Un actor de amenazas de habla francesa apodado OPERADOR se ha relacionado con una serie de más de 30 ciberataques exitosos dirigidos a bancos, servicios financieros y empresas de telecomunicaciones en África, Asia y América Latina entre 2018 y 2022.
Según la empresa de ciberseguridad Group-IB, con sede en Singapur, los ataques han provocado robos por un total de 11 millones de dólares, y se estima que los daños reales ascienden a 30 millones de dólares.
Algunos de los ataques más recientes en 2021 y 2021 se han centrado en cinco bancos diferentes en Burkina Faso, Benin, Costa de Marfil y Senegal. Se dice que muchas de las víctimas identificadas fueron comprometidas dos veces, y su infraestructura posteriormente armada para atacar a otras organizaciones.
Se sabe que OPERA1ER, también conocido con los nombres DESKTOP-GROUP, Common Raven y NXSMS, está activo desde 2016, operando con el objetivo de realizar atracos con fines financieros y exfiltración de documentos para su uso posterior en ataques de phishing.
«OPERA1ER a menudo opera durante los fines de semana y días festivos», dijo Group-IB en un reporte compartido con The Hacker News, agregando que «todo el arsenal del adversario se basa en programas de código abierto y troyanos, o RAT publicados de forma gratuita que se pueden encontrar en la web oscura».
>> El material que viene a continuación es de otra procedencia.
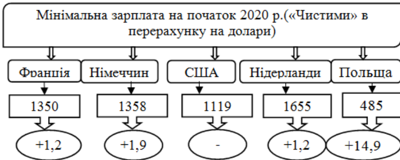
Рисунок 1 – Мінімальна зарплата різних країн, в порівнянні з минулим роком

Купівельна спроможність прожиткового мінімуму розглядається, як необхідна кількість продуктів харчування для проживання на певний період – прожитковий кошик.
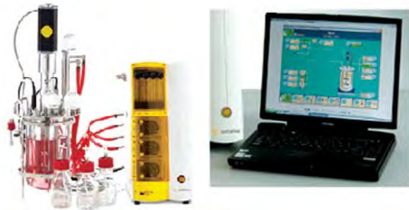
Рис. 1. Лабораторний ферментер BIOSTAT®A plus

Цей компактний ферментер/біореактор, що автоклавується, має об'єм 1, 2 і 5 дм 3 . Його спеціально розроблено для застосування в учбовому і дослідницькому процесах. Є надзвичайно простим і зручним у роботі. Концепція єдиного корпусу з інтегрованим обладнанням для вимірювання і керування, насосами, системами температурного контролю, подачі газу і мотором дає змогу економити цінний простір на лабораторному столі (рис. 1).
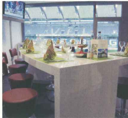
個室スカイボックス。契約企業は独自にインテリアをデザイン(ともにヴォルフスブルク)
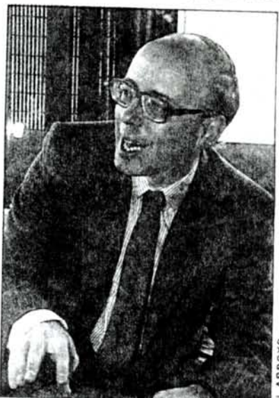
PROPUESTA. — El presidente de la Unión Demócrata Independiente (UDI), Jaime Guzmán, dio a conocer propuesta de reformas constitucionales elaborada por su colectividad.
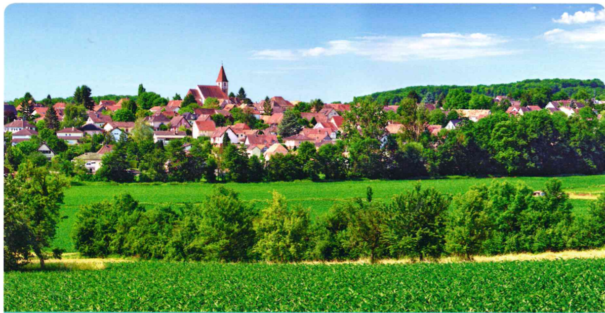
Village de Zimmersheim en Alsace

Les villages sont souvent construits autour d'une église. On y trouve deux sortes d'habitats : dans le centre du bourg, des maisons individuelles souvent anciennes et collées les unes aux autres ; autour du bourg, des lotissements construits par la suite. Il existe aussi un habitat dispersé, composé de fermes ou de hameaux éloignés du bourg .
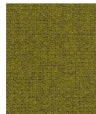
68119 (V0) Step Melange
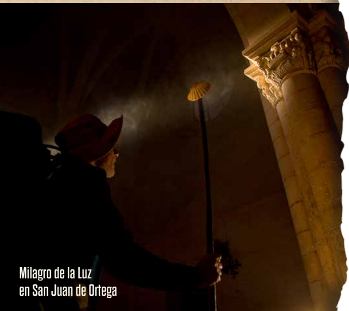
Milagro de la Luz en San Juan de Ortega

Por encargo de la reina Isabel la Católica, muy devota del santo burgalés, estos artistas de origen germano —con elevados conocimientos matemáticos y de astronomía adquiridos durante su formación en su Colonia natal— restauraron la deteriorada iglesia monacal, introduciendo las reformas necesarias para permitir que los rayos solares iluminaran un bellissimo capitel románico.
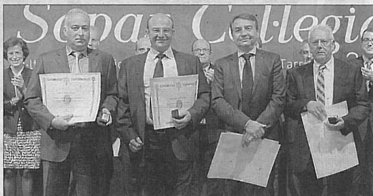
Los colegiados con más de 20 años de permanencia en el Col·legi, con la Medalla Corporativa al Mèrit en el Treball en la categoría de oro.
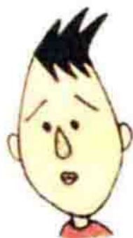
山根同学，经常肚子疼，性格认真。
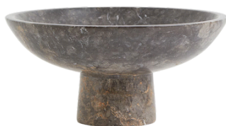
H&M 189.99 PLN
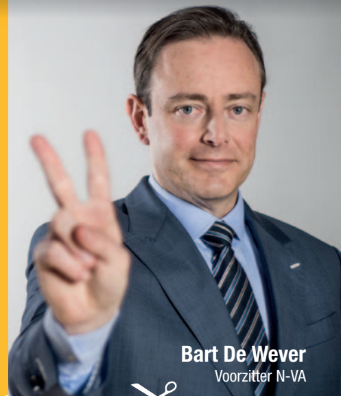
Bart De Wever Voorzitter N-VA
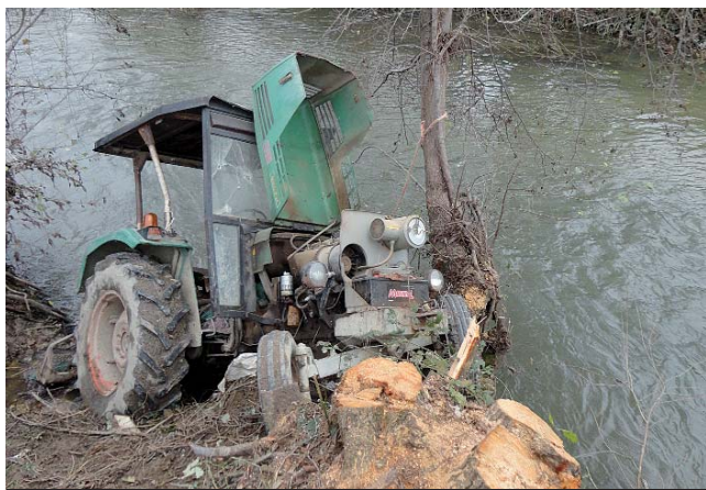
La scena dell'incidente - Servizio a pagina 23

Clamoroso colpo di scena nella vicenda della CRS
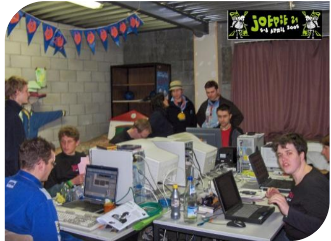
Achter de schermen van Joepie 21
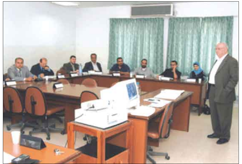
تدريب وتأهيل على المصارف
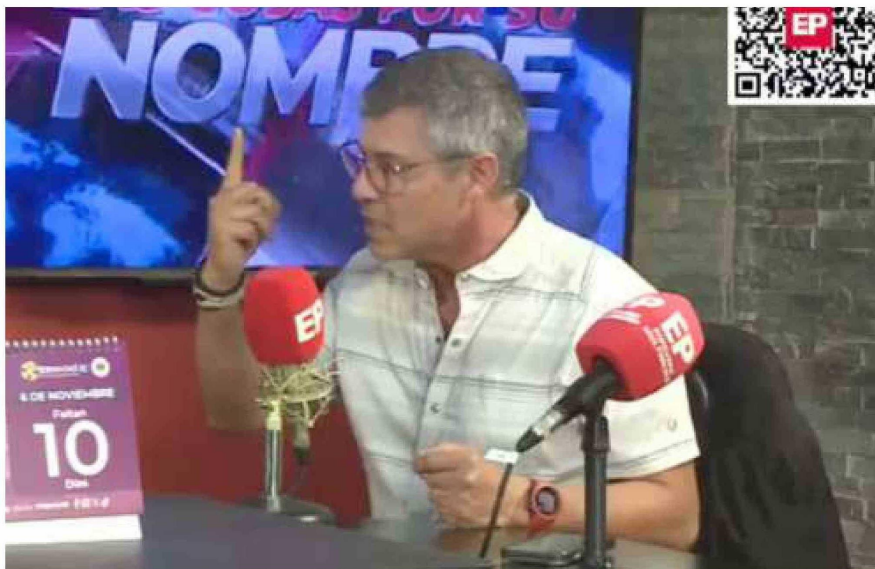
EL PRESIDENTE REGIONAL DEL COLEGIO MÉDICO AFIRMÓ QUE EL SISTEMA NO SÓLO ESTÁ PRESIONADO POR UNA MAYOR CANTIDAD DE PRESTACIONES, MAYORES BENEFICIOS Y UN MASIVO AUMENTO DE USUARIOS.

“Efectivamente, el Gobierno Regional no tiene ninguna obligación de hacerlo, pero ahora lo hicieron porque estamos en una situación bastante fea en este sentido. Cuando hablas con las autoridades, te dicen que
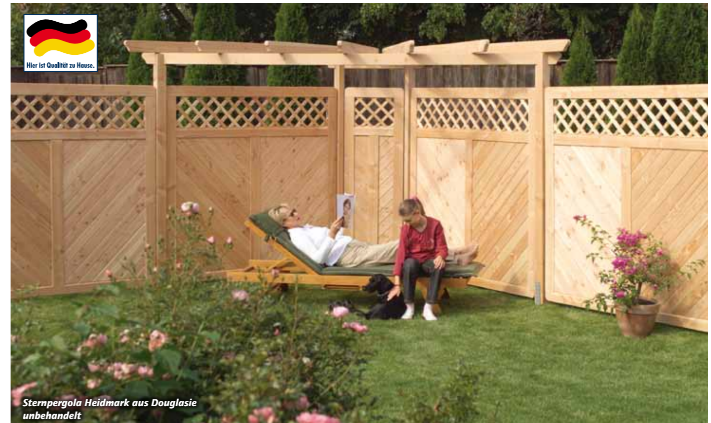
Sternpergola Heidmark aus Douglasie unbehandelt
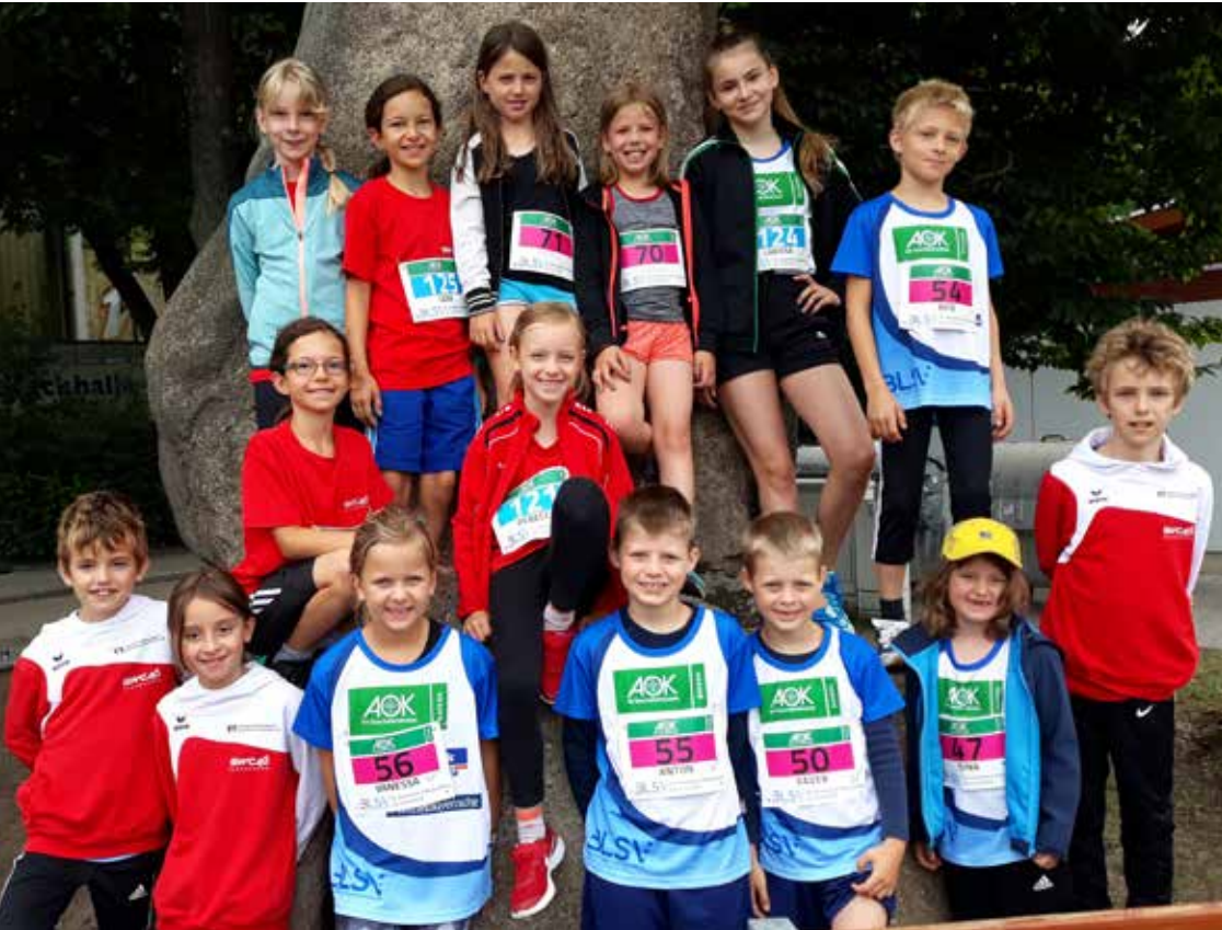
Der SWC-Nachwuchs beim Altstadtlauf am 14. Juli 2019
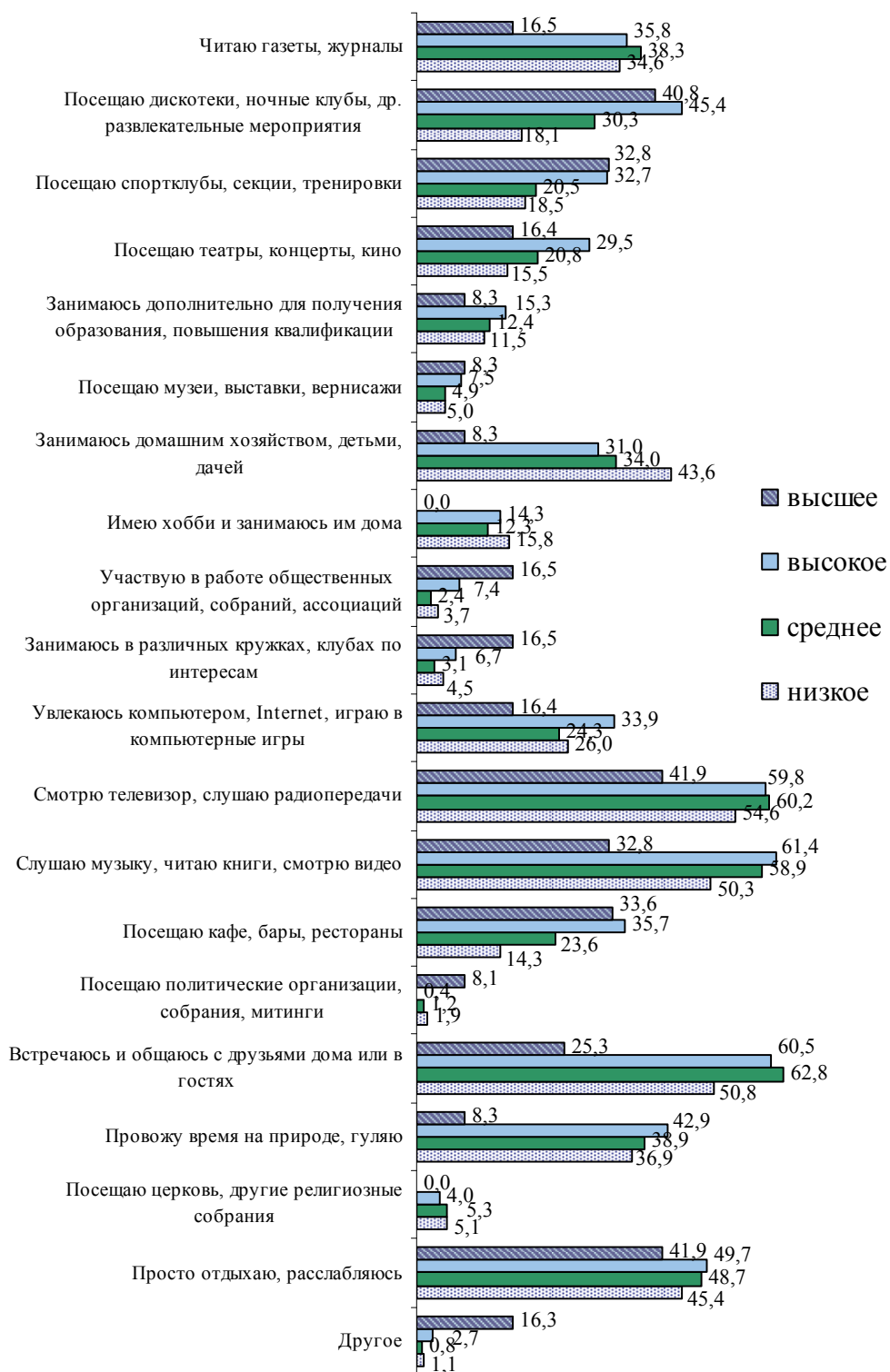
Рис. 3. Способы проведения свободного времени респондентами в зависимости от их социального положения, %
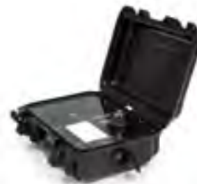
915 | Panel de Lexan
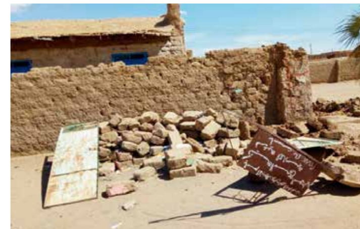
Den ødelagte kirken i Algardisia-distriktet i Khartoum hadde vært der siden 1983.
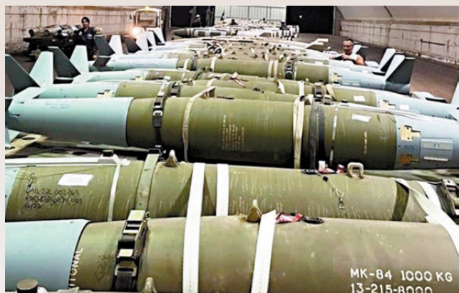
●凱利指以使用美製MK-84炸彈殺死納斯魯拉。

美國國防部稱，美軍已準備好增強針對中東地區的軍力部署，將維持當前的海上打擊力量，並可能增強空中打擊力量，應對伊朗等方面可能針對美軍的襲擊。
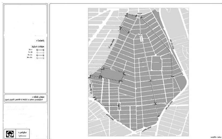
شکل ۳ - امتیازبندی معابر در ارتباط با معیار کاربری زمین

ب-۱- پتانسیل‌سنجی معابر محدوده مورد مطالعه جهت حرکت پیاده در ارتباط با معیار کاربری زمین: از جمع‌بندی
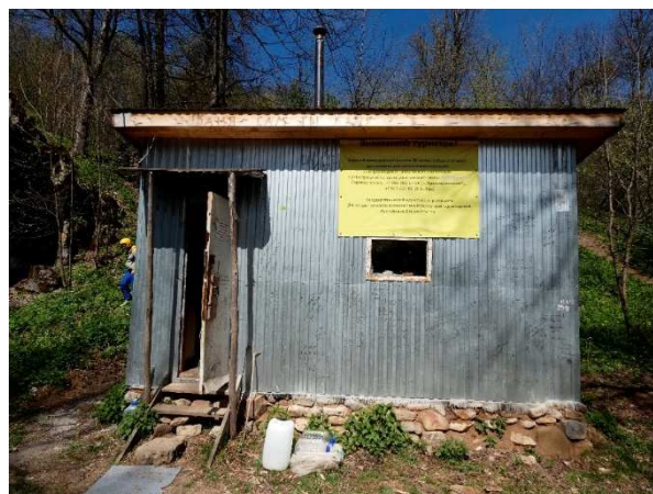
Фото 25. Домик спелеологов
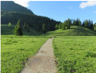
Weg auf der Westseite
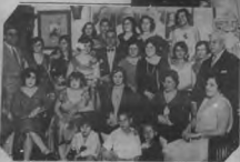
En esta vez se les muestra a las damas de la ciudad de manera "fotográfica" por medio de un grupo de jóvenes, que en el fondo, muestran...
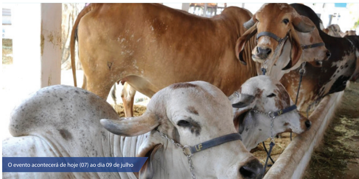
O evento acontecerá de hoje (07) ao dia 09 de julho

A feira é uma realização do Governo do Estado, e parceria entre Emater, Emparn, Prefeituras Municipais da região, ANCOC, ANORC, Secretaria Estadual de Agricultura e Pecuária, entre outros.
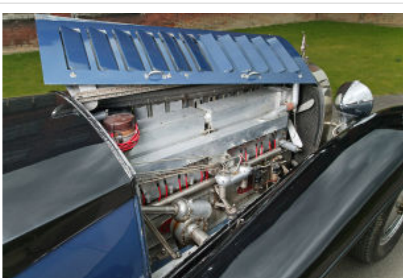
Ein Monument von Motor: 1,4 Meter lang, Zylinderkopf und Block aus einem Stück, knapp 13 Liter Hubraum, etwa 300 PS.
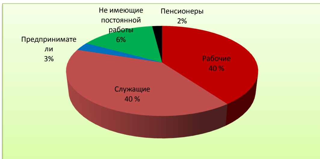
На рис.3. Представлен социальный статус семей.
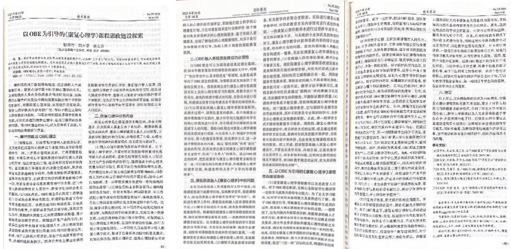
图 10 论文展示
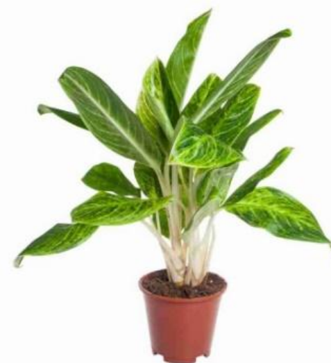
Аглаонема Кей Лайм D12H45 2810 ₽
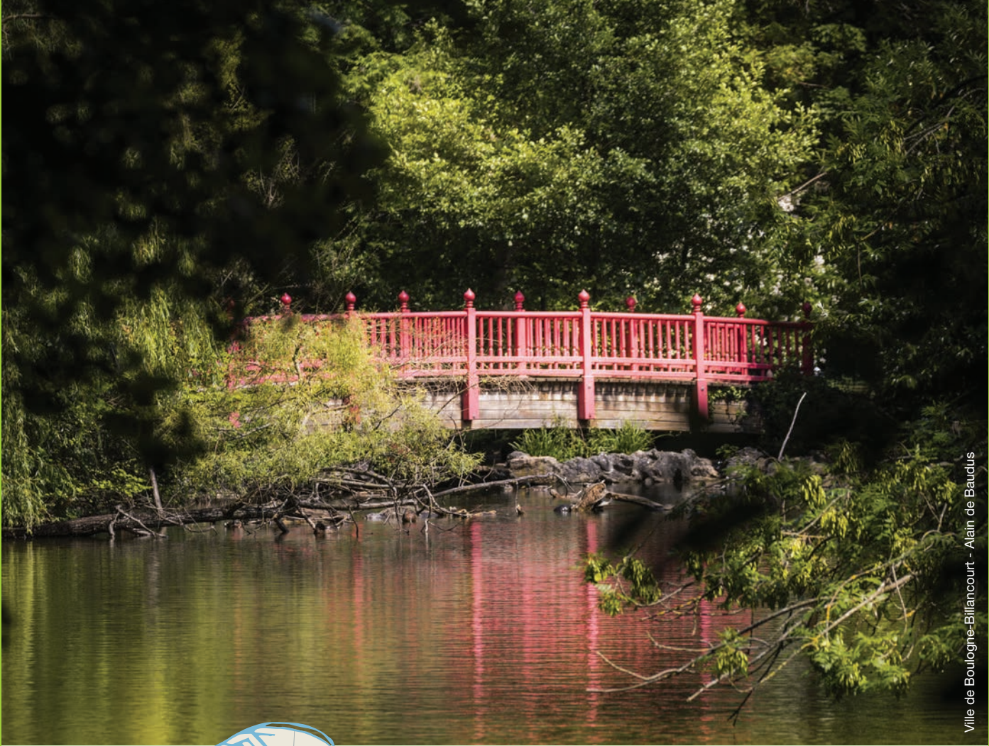
Ville de Boulogne-Billancourt - Alain de Baudus
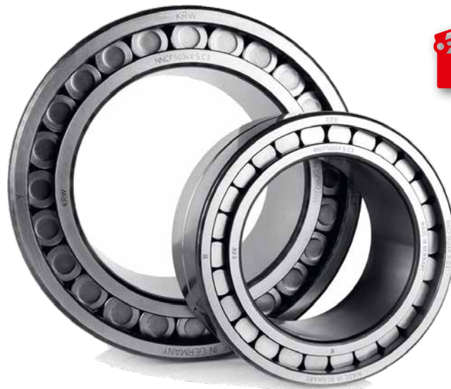
Die Zylinderrollenlager werden in Windkraftanlagen eingesetzt

Kugel- und Rollenlagerwerk Leipzig GmbH Gutenbergstraße 6 04178 Leipzig Deutschland ☎ +49 341 453200 ✉ +49 341 45320601 info@krw.de www.krw.de
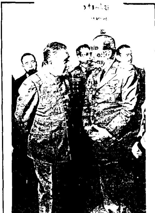
LOS DOS COMPARTES Pinochet y Stroessner.

Después de reseñar los datos glosados precedentemente, La Nación puntualizaba que la
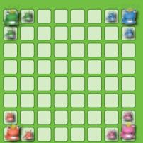
Pour 4 joueurs
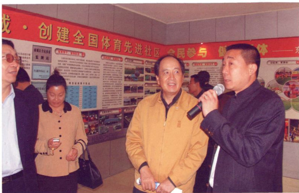
2006年，国家体育总局副局长肖天（右二）到东莞市南城区视察
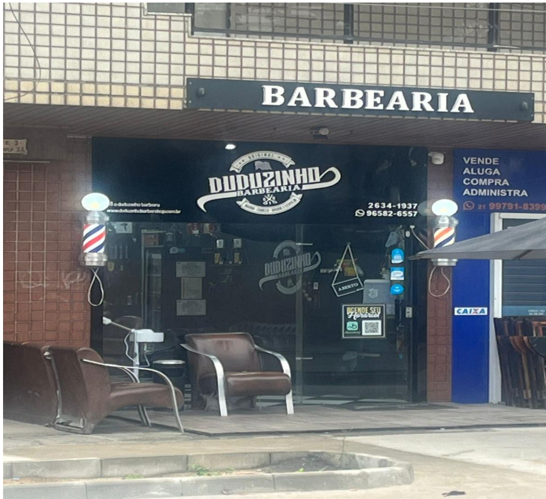
Figura 3 – Local declarado pela empresa Vitae para as instalações dos cursos que serão ministrados

A VITAE declara uma localidade em Maricá e anexa um alvará de um CNPJ que não tem nenhuma relação com a empresa matriz, o CNPJ é de uma barbearia, que funciona em Itaipuaçu, uma loja de cerca de 35m2, ou seja, um local, que nada se enquadra com o que é solicitado em Edital, como será ministrado diversos cursos, alguns com cerca de 20 alunos dentro de uma barbearia? Segue foto do local abaixo:
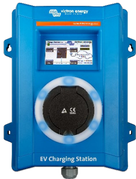
EV Charging Station
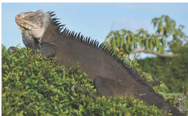
L'iguane antillais de la réserve de Petite-Terre, à La Désirade

Combien d'esclaves en fuite sont venus se réfugier sur les pans de ces pics verdoyants et dans les grottes et les tunnels du canyon de l'anse L'Ivrogne, lors de la rébellion de 1748. Et
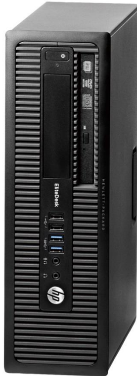
HP EliteDesk 800 G1 SF

Esto incluye malware comercial como Nanocore, Netwire, Agent Teslam Venom RAT, BitRAT, Metasploit y Cobalt Strike Beacon, entre otros.
La cadena de ataque comienza con «correos electrónicos de phishing selectivo de alta calidad» con señuelos relacionados con facturas y entregas escritos principalmente en francés y, en menor medida, en inglés.
Estos mensajes incluyen archivos adjuntos en formato ZIP o enlaces a Google Drive, servidores de Discord, sitios web legítimos infectados y otros dominios controlados por actores, lo que conduce a la implementación de troyanos de acceso remoto.
Al tener éxito en la ejecución de RAT, los marcos de trabajo posteriores a la explotación como Metasploit Meterpreter y Cobalt Strike Beacon se descargan y ejecutan para establecer un acceso persistente, recolectar credenciales y filtrar archivos de interés, pero no antes de un período de reconocimiento prolongado para comprender las operaciones de back-end.
Esto se corrobora por el hecho de que se ha observado que el autor de la amenaza pasa entre tres y 12 meses desde la intrusión inicial hasta la realización de transacciones fraudulentas para retirar dinero de los cajeros automáticos.
La fase final del ataque consiste en irrumpir en el backend bancario digital de la víctima, lo que permite al adversario mover fondos de cuentas de alto valor a cientos de cuentas deshonestas y, en última instancia, retirarlos a través de cajeros automáticos con la ayuda de una red de mulas de dinero contratadas por adelantado. .
«Aquí, claramente, el ataque y el robo de fondos fueron posibles porque los malos actores lograron acumular diferentes niveles de derechos de acceso al sistema al robar las credenciales de inicio de sesión de varios usuarios operadores», explicó Group-IB.
En un caso, se emplearon más de 400 cuentas de suscriptores de mulas para desviar ilícitamente el dinero, lo que indica que «el ataque fue muy sofisticado, organizado, coordinado y planificado durante un largo período de tiempo».
Los hallazgos, llevados a cabo en colaboración con el gigante de las telecomunicaciones Orange, de que OPERA1ER logró llevar a cabo la operación de fraude bancario basándose únicamente en el malware disponible públicamente, destaca el esfuerzo que se ha realizado para estudiar las redes internas de las organizaciones.
«No hay amenazas de día cero en el arsenal de OPERA1ER, y los ataques a menudo usan exploits para vulnerabilidades descubiertas hace tres años», señaló la compañía. «Al avanzar lentamente y con cuidado a través del sistema objetivo, pudieron llevar a cabo con éxito al menos 30 ataques en todo el mundo en menos de tres años».